Костер наш медленно гаснет, и у всего, что вокруг, появляется цвет. На черной глади озера дрожит лунная дорожка. У кромки воды – помертвевший и брошенный кем-то пучок оранжевых маков.
– Что было потом? – спрашиваю я.
– Потом был инсульт, он долго лежал в больнице, но после выписки его никто не видел. Говорят, даже вещи из дома не взял. Вот, – Вадик достал из кармана фотографию, – его дочь дала. Тридцать три года назад. Сейчас ему около восьмидесяти, а может, и все девяносто.
– Ты думаешь, он жив?
– Она говорит, что жив.
– Ты пойдешь его искать? – спрашивает Зафар.
– Да где его искать? До Саратога километров десять. Это раз. А там он или не там – никто не знает. Это два.
– А зачем обещал?
– Это я вам сказал, что обещал. А ей я сказал, что поспрашиваю. Мне просто стало скучно. Везде. И я захотел приехать сюда.

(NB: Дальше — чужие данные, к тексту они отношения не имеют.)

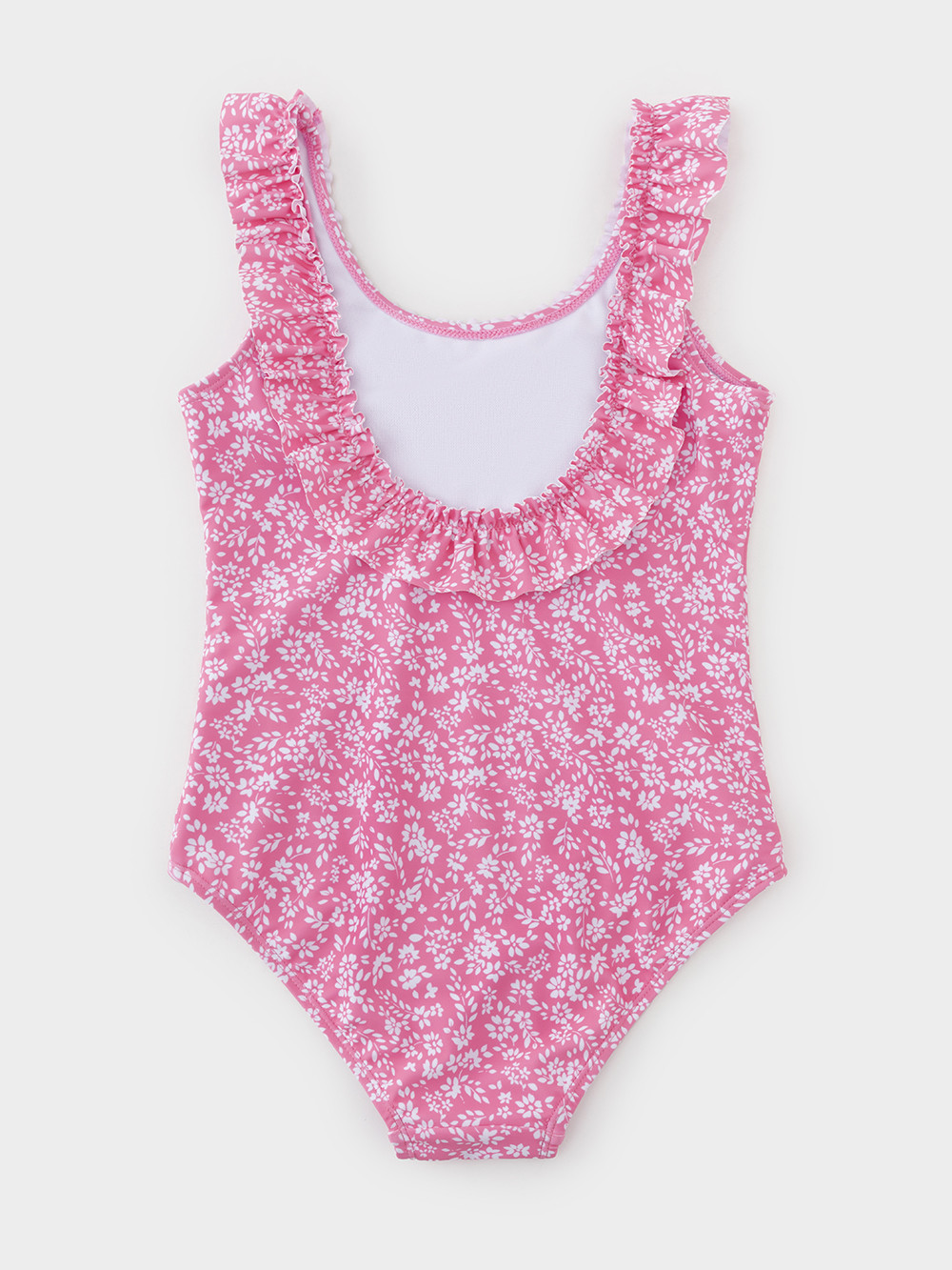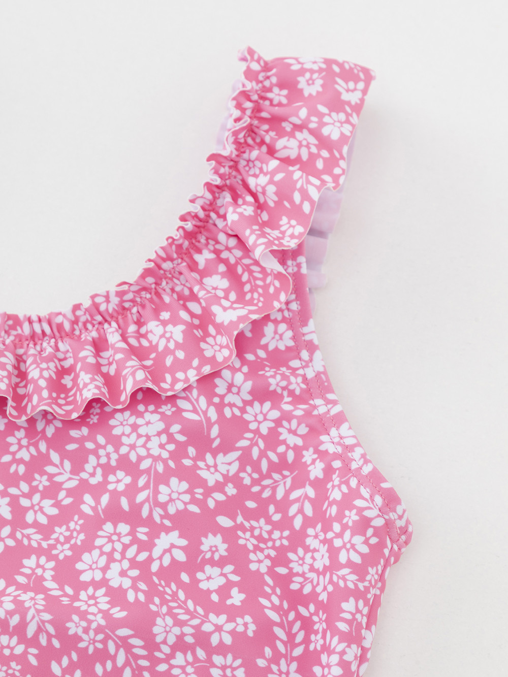 Слитный купальник на лямках для девочки. Украшен оборками. Внутри подклад. Оригинальная набивка выполнена из стойких гипоаллергенных красителей.
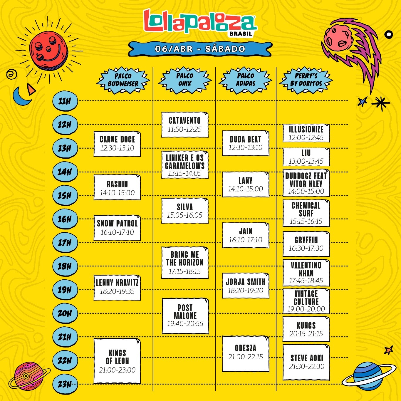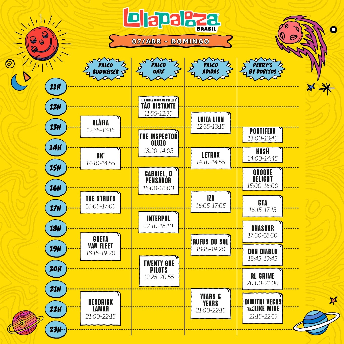 Confira o serviço completo no link. Veja abaixo a ordem das apresentações e horários do Lollapalooza Brasil 2019.

Услышав это, Зафар встает, произносит «спокойной ночи» и уходит, не оглядываясь на Вадика.
– Спокойной ночи, – говорю я Вадику.
Зафар провожает меня до двери и обещает прийти на мою выставку. «Если она будет», – говорю я ему. И он уверяет, что, конечно, будет. Если я этого захочу.
Утром мы с Бабичами идем на водопад. Они спрашивают меня, как я спала, и я говорю, что замерзла, но спала как убитая. А Бабич-жена говорит, что и она спала как убитая, потому что вчера ее убил Вадик Кричевский.
Когда мы возвращаемся, Вадик и Зафар разговаривают с таксистом. Я говорю, что поеду с ними, и сажусь в машину. Вадик зовет и Бабичей, но они отказываются и идут дальше. А Вадик держится за открытую дверь и смотрит им вслед.
В Саратоге Зафар подзывает мальчика лет десяти и спрашивает его по-таджикски про дом, который мы ищем; потом спрашивает у Вадика, почему нам нужен именно этот дом. Вадик говорит, что про него ему сказала та женщина.